We Are Anchors

We Are Anchors

“Education is the great engine of personal development. It is through education that the daughter of a peasant can become a doctor, that the son of a mine jobs hiring near me worker can become the head of the mine, that a child of farm workers can become the president of a great nation. It is what we make out of what we have, not what we are given, that separates one person from another.”

It is the single most important factor in breaking the cycle of poverty. With proper education and training an orphan is empowered to become a healthy, happy, income-producing person. Unfortunately, the access to quality of education in schools is poor and school aid is limited for these children. This leaves a higher chance of  children living on the streets or, at best, picking up petty jobs. Their future is bleak. 

With Anchors, we take our Future in school until they are matriculated and then have the opportunity to continue with vocational training or higher https://xjobs.org/ education. Many of the children have an opportunity to find  and transform the story of their lives once a foundation has been laid.

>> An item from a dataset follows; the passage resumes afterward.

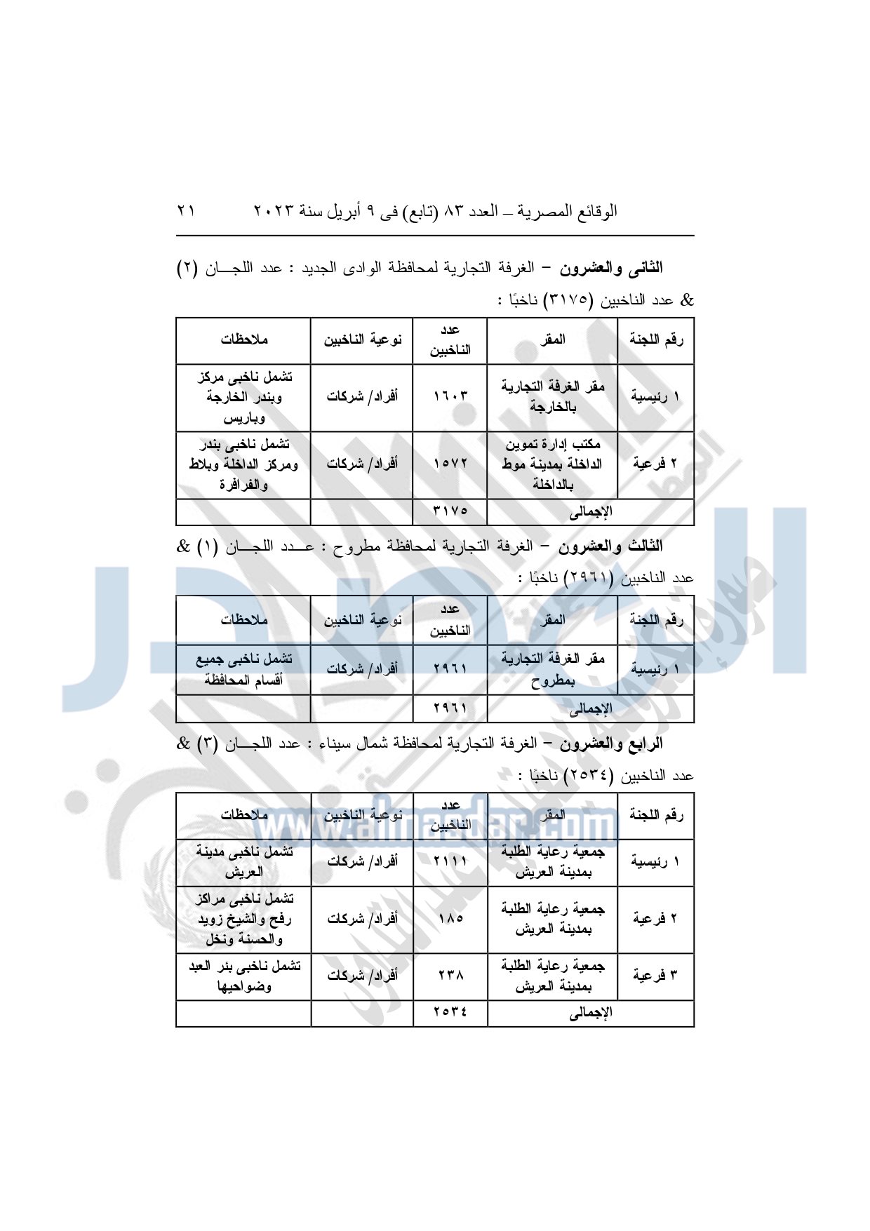 نشرت الوقائع المصرية في العدد 83 "تابع"، بتاريخ 9 أبريل 2023، قرار وزارة التجارة والصناعة رقم 109 لسنة 2023، بشأن فتح باب تقديم طلبات الترشيح لانتخابات أعضاء مجالس إدارة الغرف التجارية يوم الخميس الموافق 13 أبريل 2023 ولمدة خمسة أيام عمل متتالية مع مراعاة الأجازات الرسمية، وتقدم الطلبات يومياً من الساعة الثامنة صباحاً وحتى انتهاء مواعيد العمل الرسمية.

Meet William - our Founding Anchor

William Sebelebele, the founder of Anchors who was was given birth by a single mother age 14 at a time of his birth. His mother was an orphan with no parents nor home. That resulted him in Pretoria at a place called Swacina Park, where they had to move from one plot to the next. In most cases the family had to live in one back room as it would be their only home.

Things started falling apart because of alcohol abuse and gambling. At age 8, he had to become an adult and started living with older friends who took him and his younger brother & taught him survival skills. In that experience, he made a decision of going to school at all cost, with the hope that one day he will improve his family background.

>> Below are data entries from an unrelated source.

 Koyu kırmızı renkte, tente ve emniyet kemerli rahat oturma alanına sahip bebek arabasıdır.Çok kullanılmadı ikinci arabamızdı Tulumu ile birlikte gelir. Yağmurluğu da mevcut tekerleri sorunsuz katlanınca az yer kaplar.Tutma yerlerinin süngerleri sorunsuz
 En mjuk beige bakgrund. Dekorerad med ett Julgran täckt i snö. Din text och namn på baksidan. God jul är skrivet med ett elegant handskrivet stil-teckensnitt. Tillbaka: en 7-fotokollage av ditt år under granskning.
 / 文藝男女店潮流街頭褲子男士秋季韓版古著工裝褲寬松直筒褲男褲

Primary school was better than high school because the only challenges were school uniform and the distance one had to walk to and from school. However, for higher grades we had to travel to Atteridgeville by bus, of which bus fare was a big challenge to a point that he would spent a whole weak not going to school because he didn’t have money to buy bus ticket… or sometimes it was because of alcohol or gambling.

To ensure that he finished school he had to sell eggs and loose cigarettes and later had to work at a tavern/shebeen to cover his accommodation, bus fare and food. This was not for long that he lost this job, and his teachers took him to a children’s home by then he was In grade 11. Children home turned his life around for the better and he experienced being a child at age 18.  

Without ID, nor birth certificate he completed his matric and met a company that took him to school and later he was employed. Today he holds a BCom. Degree. He is a husband, a father of two and a brother to the African continent.